### DATA SHOWN ###

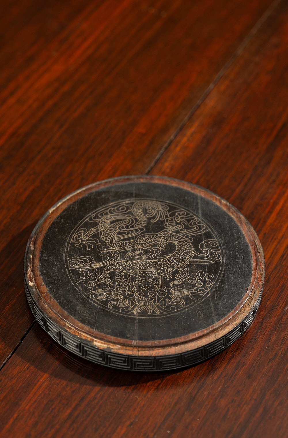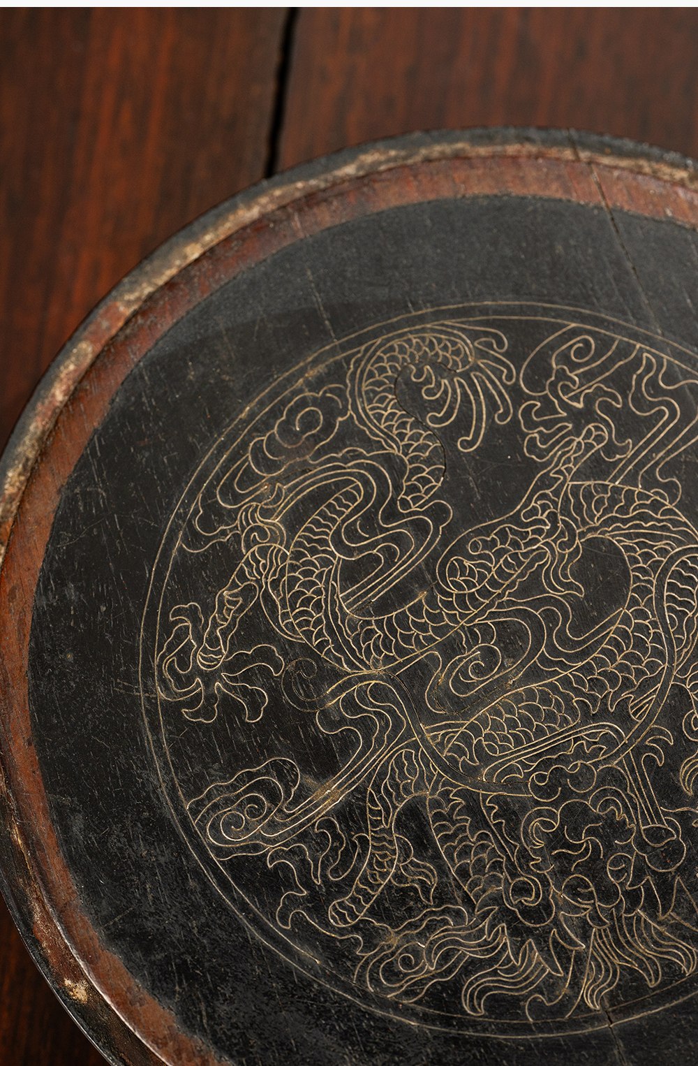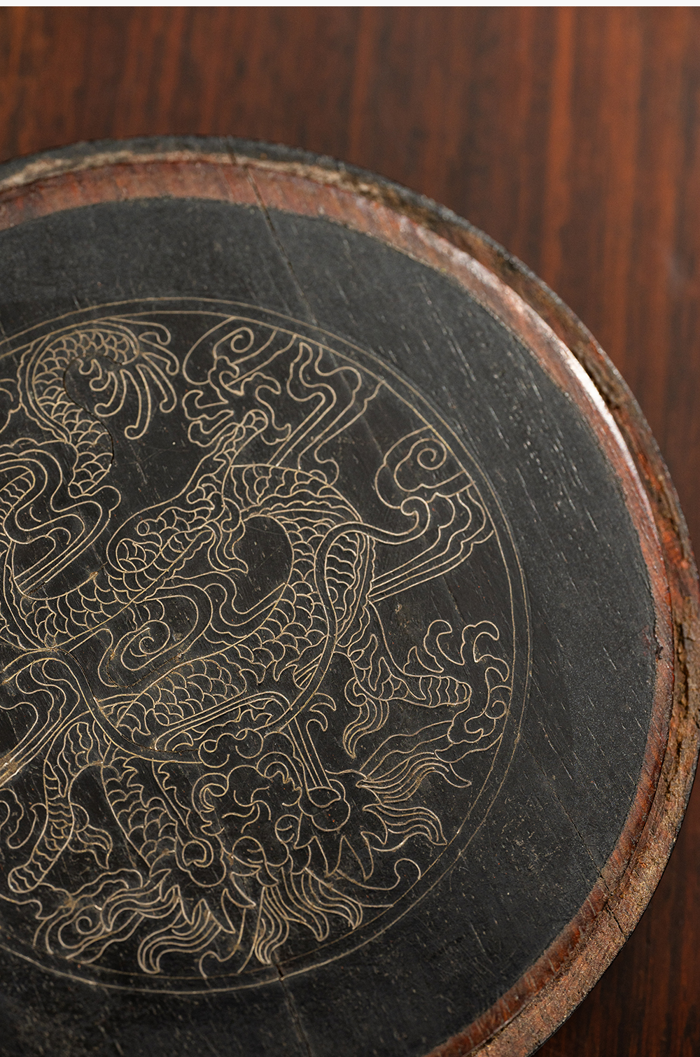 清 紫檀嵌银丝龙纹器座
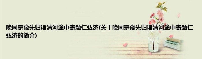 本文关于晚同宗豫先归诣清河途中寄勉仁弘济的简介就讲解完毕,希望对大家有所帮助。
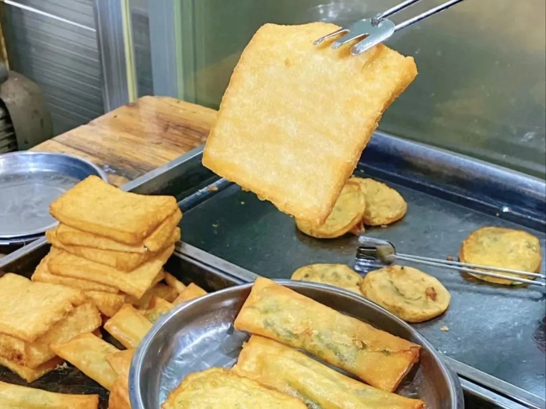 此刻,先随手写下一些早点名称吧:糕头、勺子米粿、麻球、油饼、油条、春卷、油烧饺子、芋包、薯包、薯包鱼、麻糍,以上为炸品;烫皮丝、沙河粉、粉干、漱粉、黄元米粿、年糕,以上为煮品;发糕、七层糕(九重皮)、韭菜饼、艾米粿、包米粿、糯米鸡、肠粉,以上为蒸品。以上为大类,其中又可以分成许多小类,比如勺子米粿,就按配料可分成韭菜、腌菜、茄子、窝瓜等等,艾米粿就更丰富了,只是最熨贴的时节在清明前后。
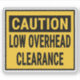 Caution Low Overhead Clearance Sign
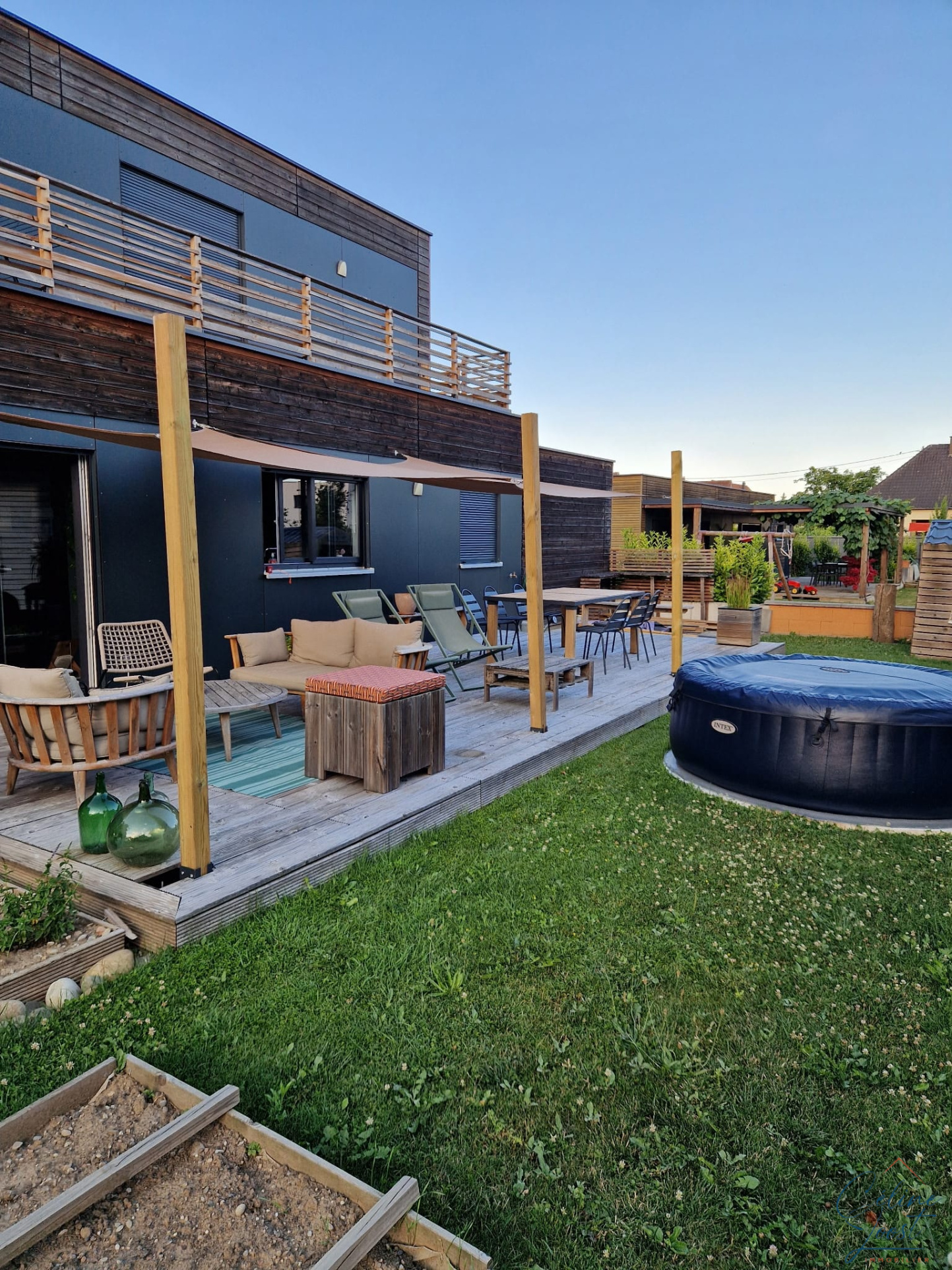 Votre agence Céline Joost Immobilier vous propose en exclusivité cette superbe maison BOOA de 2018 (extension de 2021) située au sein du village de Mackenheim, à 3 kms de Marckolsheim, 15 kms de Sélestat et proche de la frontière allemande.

###

* [ABOUT THIS EXERCISE]
All of the data needs repeating exactly, but the pictures do not.

* [SOLUTION TO THE EXERCISE]
 清 紫檀嵌银丝龙纹器座
 本文关于晚同宗豫先归诣清河途中寄勉仁弘济的简介就讲解完毕,希望对大家有所帮助。
 此刻,先随手写下一些早点名称吧:糕头、勺子米粿、麻球、油饼、油条、春卷、油烧饺子、芋包、薯包、薯包鱼、麻糍,以上为炸品;烫皮丝、沙河粉、粉干、漱粉、黄元米粿、年糕,以上为煮品;发糕、七层糕(九重皮)、韭菜饼、艾米粿、包米粿、糯米鸡、肠粉,以上为蒸品。以上为大类,其中又可以分成许多小类,比如勺子米粿,就按配料可分成韭菜、腌菜、茄子、窝瓜等等,艾米粿就更丰富了,只是最熨贴的时节在清明前后。
 Caution Low Overhead Clearance Sign
 Votre agence Céline Joost Immobilier vous propose en exclusivité cette superbe maison BOOA de 2018 (extension de 2021) située au sein du village de Mackenheim, à 3 kms de Marckolsheim, 15 kms de Sélestat et proche de la frontière allemande.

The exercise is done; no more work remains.